> SOURCE MATERIAL
++++++++++
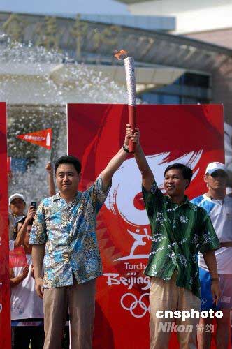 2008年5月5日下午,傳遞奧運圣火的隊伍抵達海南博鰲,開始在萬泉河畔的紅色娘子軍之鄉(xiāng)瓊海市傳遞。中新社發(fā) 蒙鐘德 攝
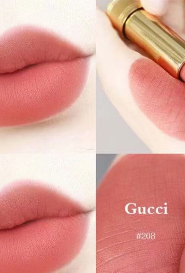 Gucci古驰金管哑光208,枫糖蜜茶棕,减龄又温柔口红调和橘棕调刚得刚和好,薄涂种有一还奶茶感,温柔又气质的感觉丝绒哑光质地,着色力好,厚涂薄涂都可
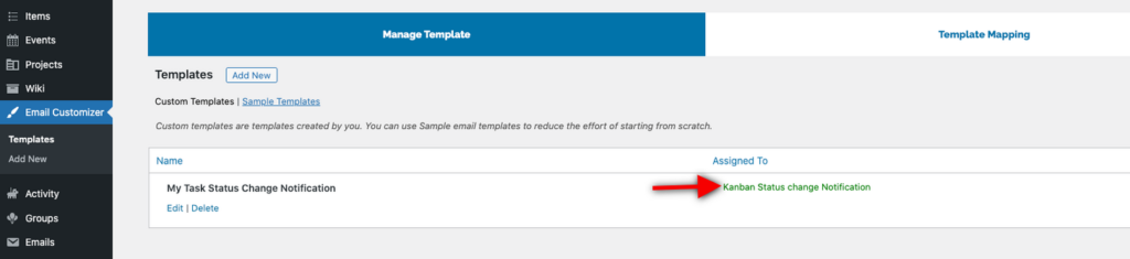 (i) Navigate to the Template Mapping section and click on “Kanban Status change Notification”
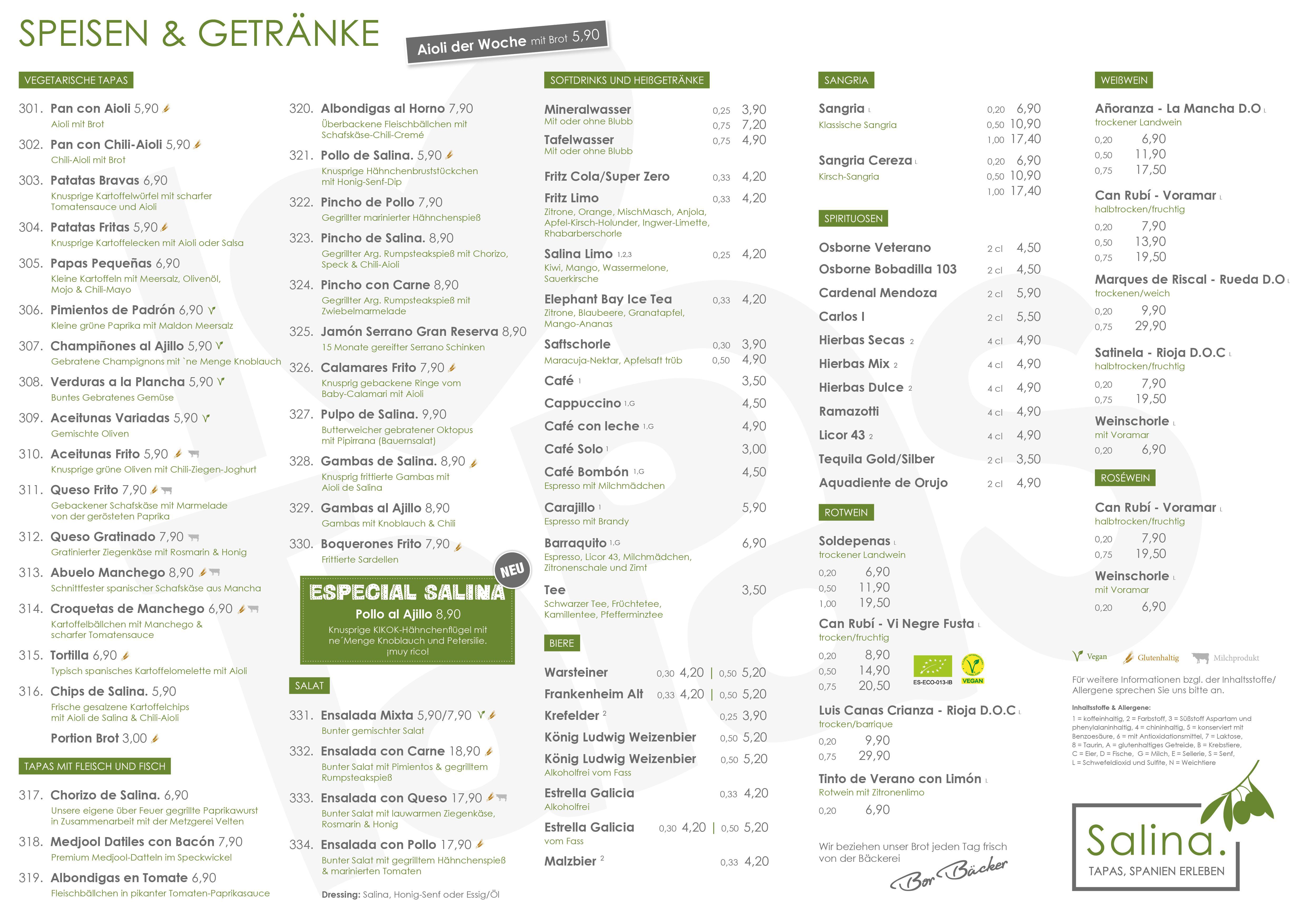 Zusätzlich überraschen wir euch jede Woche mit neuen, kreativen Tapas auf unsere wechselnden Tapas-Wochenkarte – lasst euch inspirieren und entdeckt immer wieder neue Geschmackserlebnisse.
++++++++++
> INSTRUCTIONS FOR THE TASK
Could you set down, exactly as written, every line from the one with "(i) Navigate to" to the end of the data, both ends included? Leave out the pictures.

> THE ANSWER
 (i) Navigate to the Template Mapping section and click on “Kanban Status change Notification”
 Zusätzlich überraschen wir euch jede Woche mit neuen, kreativen Tapas auf unsere wechselnden Tapas-Wochenkarte – lasst euch inspirieren und entdeckt immer wieder neue Geschmackserlebnisse.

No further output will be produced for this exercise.